Chapbook Sample Poems
My People Redux
By Angela Trudell Vasquez
I.
Crossed rivers and high deserts
before water jugs littered parched lands –
rode motorbikes, carried comals, seeds,
black and white photographs.
Fought poor villagers on their homelands
went from high school to the front lines.
Lessons on patriotism led to flag burning,
joints lit, alcoholic stupors, streaking.
A roll of the dice:
heads I live, tails I leave.
My people, forgot they rose from the earth.
II.
Our great-grandpa knew
he planted corn rows
praying while he weeded
and walked between
his crooked lines,
singing to the clouds to come
lay their rain music down,
drum a new rhythm
tap the green stalks to grow.
He wove a footpath
from the back door
to the smallest plant
whispering its name
and fed his family
with what he wrought
from earth and aqua sky,
what he coaxed between loam
and hard copper hands.
III.
His kind fingers twist off pears, peppers,
slender green beans, husks of sweet corn,
crab apples and peaches –
what the white tailed deer did not nibble.
Bees buzz in their hive
lured by the burnt man who croons at dawn,
by his wife who brings him pan dulce
and black cream in the morning
in her pink house dress and potato sack apron.
Leather patched by sun in scarecrow clothes
muscles cling to his bones.
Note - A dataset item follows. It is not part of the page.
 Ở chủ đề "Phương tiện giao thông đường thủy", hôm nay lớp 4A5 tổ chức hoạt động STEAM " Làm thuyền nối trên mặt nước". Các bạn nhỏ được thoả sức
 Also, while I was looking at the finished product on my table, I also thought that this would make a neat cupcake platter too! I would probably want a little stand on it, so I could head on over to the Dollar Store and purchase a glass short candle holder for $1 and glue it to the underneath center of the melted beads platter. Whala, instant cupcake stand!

Never young.
Family a heavy wool blanket covers his sins in the heat.
Blessed with grandchildren, they run in his rows,
bring him home books he cannot read. Pages
telling a history he corrects after cartoons each day.
IV.
Great grandchildren search for his buried grave
armed with spades and hoes
so they know where they came from
and can find their way back
to the original place of green grace
mountain breath, stews cooked with seeds
woven into a young girl’s black braid
sewn in the hem of her deer dress.
An Unexpected Parley in my Garden
By Thomas Erickson
(with Nods to Mikhail Lermentov and Charles Wright)
It’s been a nice June, mild and not humid.
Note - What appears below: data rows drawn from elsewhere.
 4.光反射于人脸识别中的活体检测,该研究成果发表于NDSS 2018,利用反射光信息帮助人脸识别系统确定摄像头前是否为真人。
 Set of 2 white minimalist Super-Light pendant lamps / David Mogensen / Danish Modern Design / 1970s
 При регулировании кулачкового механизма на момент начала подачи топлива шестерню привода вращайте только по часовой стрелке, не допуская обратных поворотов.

Good sleeping weather, as the weathermen say.
The hanging baskets and pots of flowers around
my house look great, too. Maybe they look too
good, though. It’s the thoughts of continuous watering
and deadheading that’s starting to keep me up at night.
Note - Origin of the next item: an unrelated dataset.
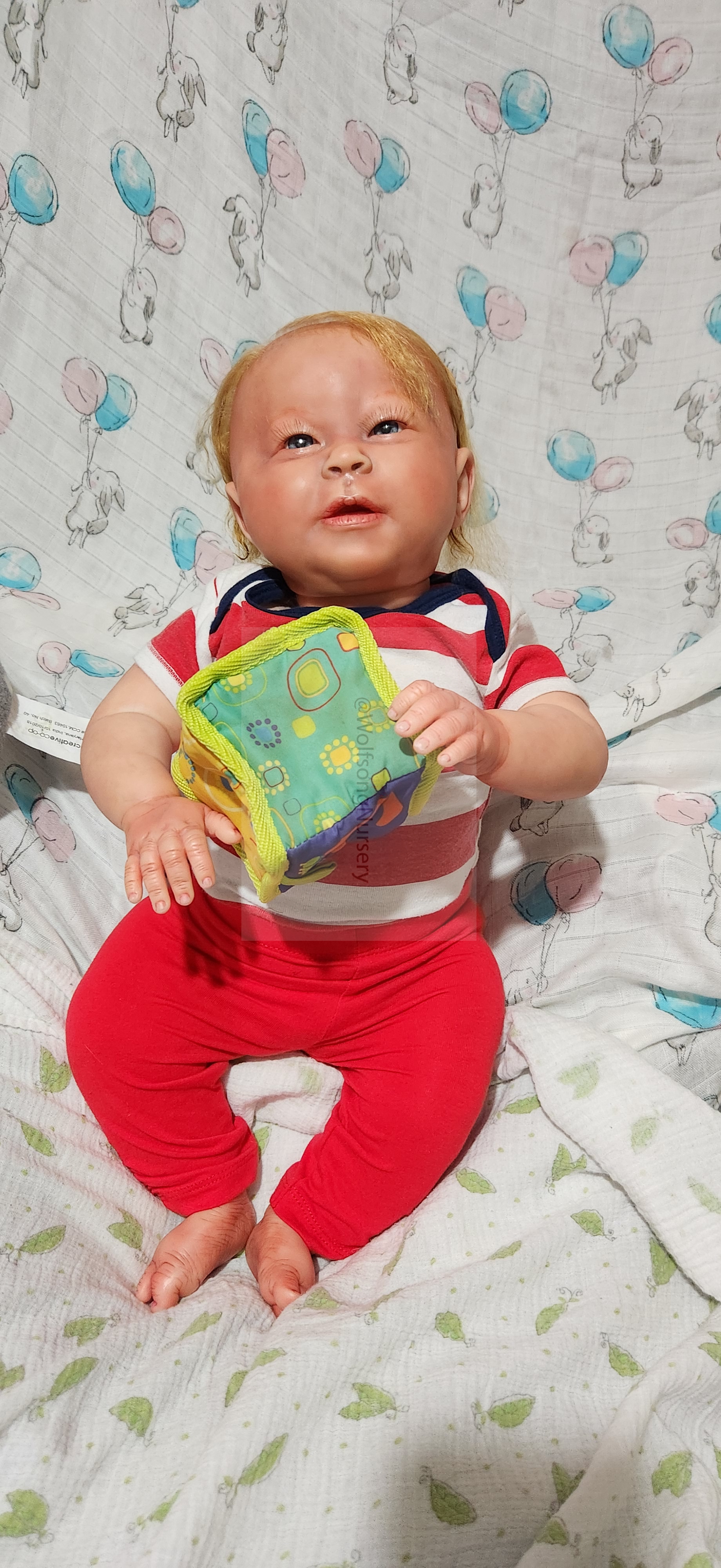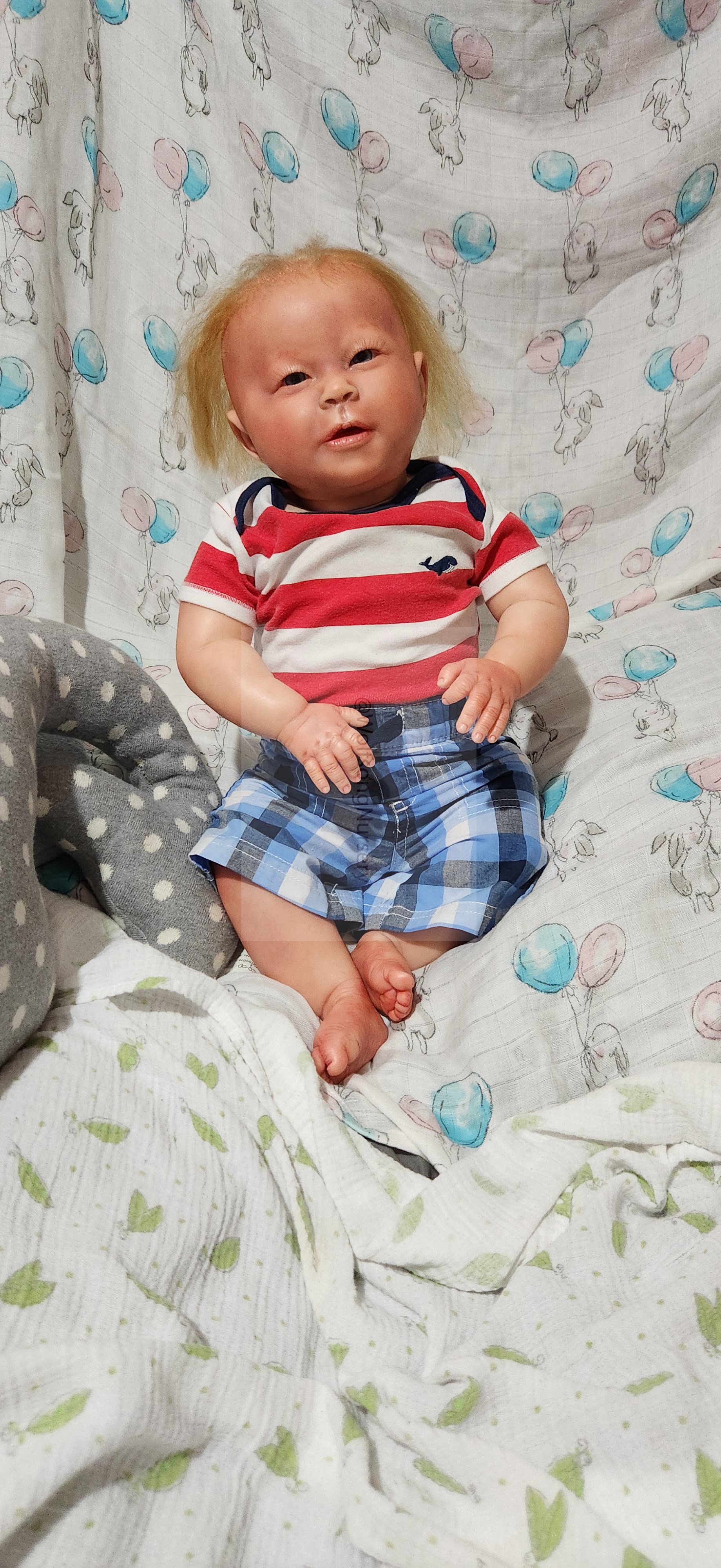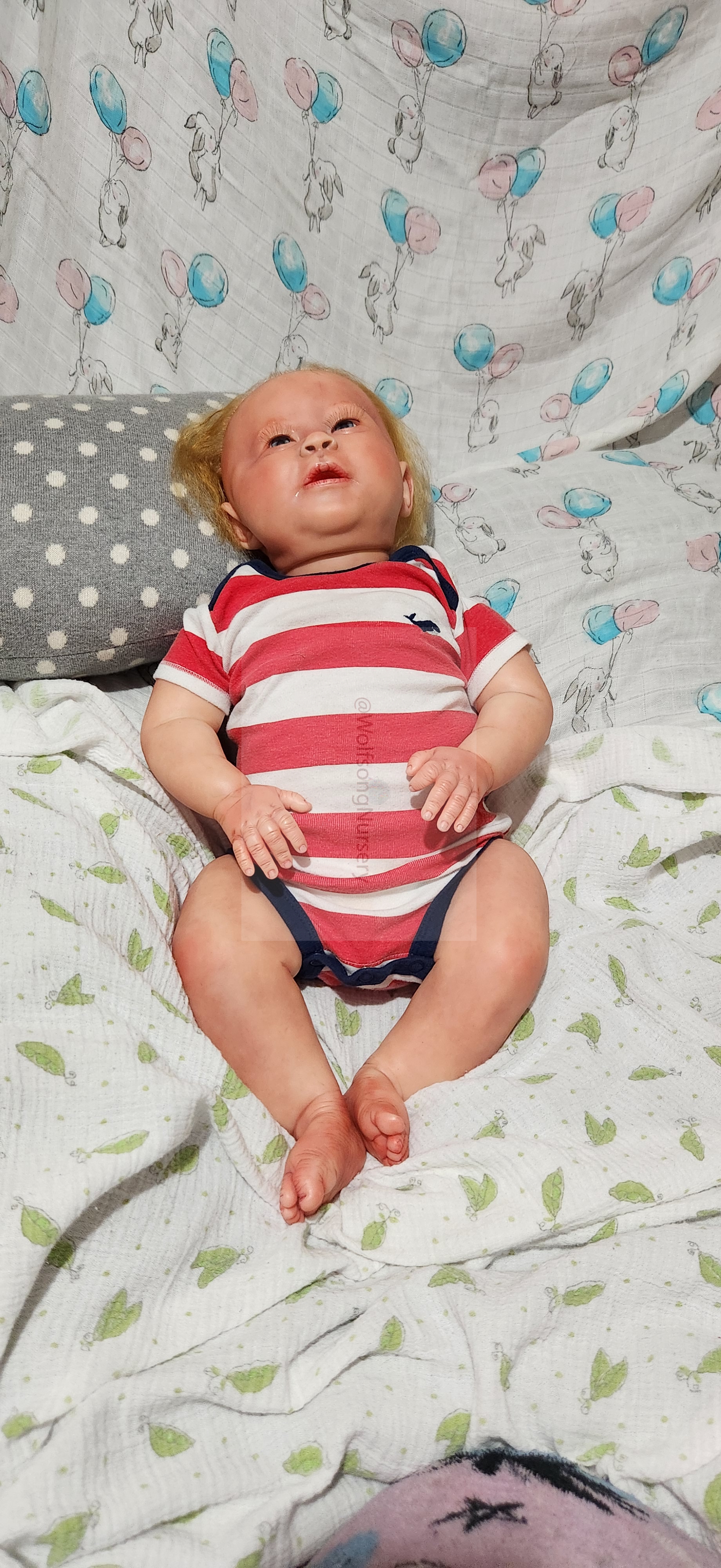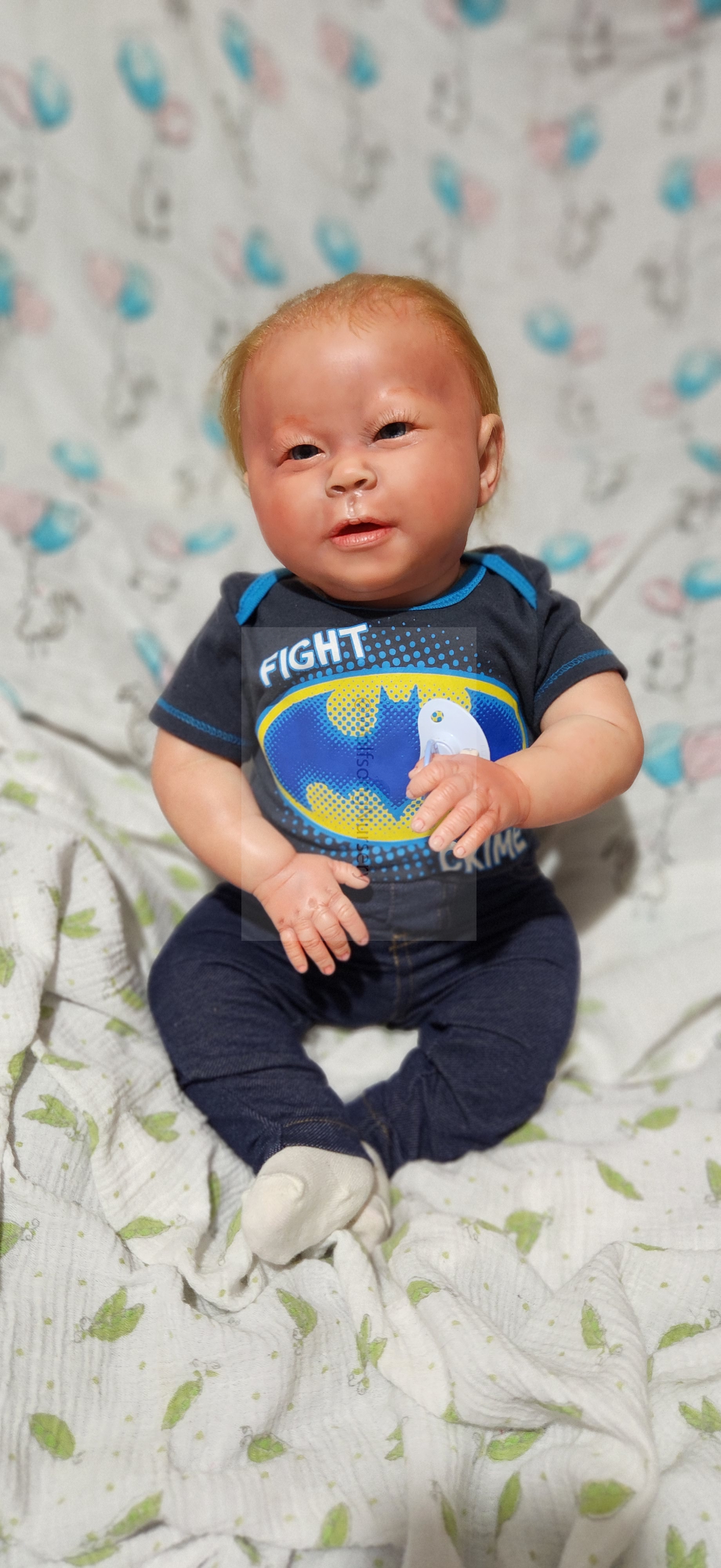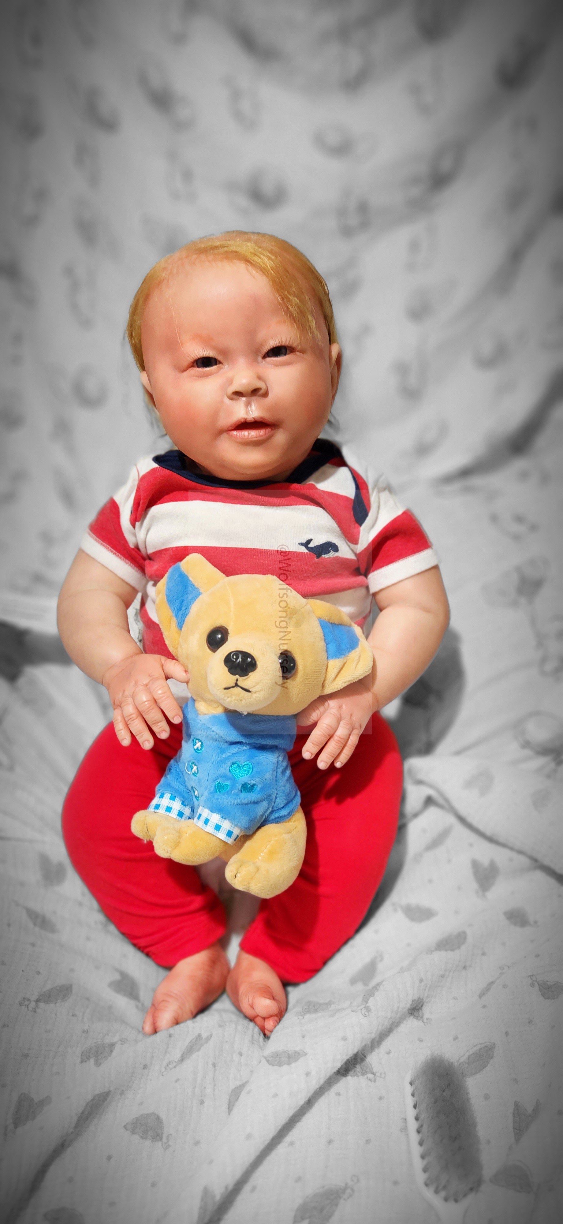 Samson Mark Miller was “born” March 25, 2023 at 4:20 Pm and he weighs 10 pounds 7 ounces at 23 inches long. He started with a Bountiful Baby Playfull Sage kit and was customized by Marta Towne of Wolfsong Nursery using Genesis Heat Set Paints, Pan Pastel and Coastal Scents Powders and using silicone pads in his tummy and bottom along with #3 glass beads, Poly pellets, 2 types of PolyFill (Super Soft and Regular) and he, like all my babies, takes one of my hearts with him to his Mommy, Denise Miller.

I’ve been totally neglecting the black eyed susans
and cone flowers in my garden. I asked one
of the susans if love was stronger than unlove
because of my other attentions this summer
and she inferred, by her winsome swaying
in the breeze, only the unloved know.
Well, I replied, eternal love isn’t possible
especially since you will be dead by October.
She shimmered ever brighter in the Sun
and signaled to me that any love,
other than eternal love, isn’t worth the trouble.
I got the hose and turned the sprayer from “stream”
to “love” and gave her a good watering all the while
thinking you’re doomed, doomed, poor thing,
well beyond any inclination I may have to save you.
Gijigaaneshiinh
By Elizabeth Tornes
Ojibwe for chickadee
sings his name
at dawn and at dusk,
gi-jee-gunay-shee….
Bird beloved
by my elders,
four chattery
syllables followed
by the diminutive
shiinh, which shrinks the bird,
a teacupful of song, weighing
two teaspoons of sugar.
A hunter once told me
gijaaneshiinh is a companion
to hunters alone in the woods,
brave sentinel who warns
of foxes, hawks and wolves.
He told me this
after digging a deep hole
through an ice crust
and placing my blanketed dog
into the earth. Gijigaaneshiinh
flew to the branch above us
and sang sweetly
it’s ok it’s ok it’s ok.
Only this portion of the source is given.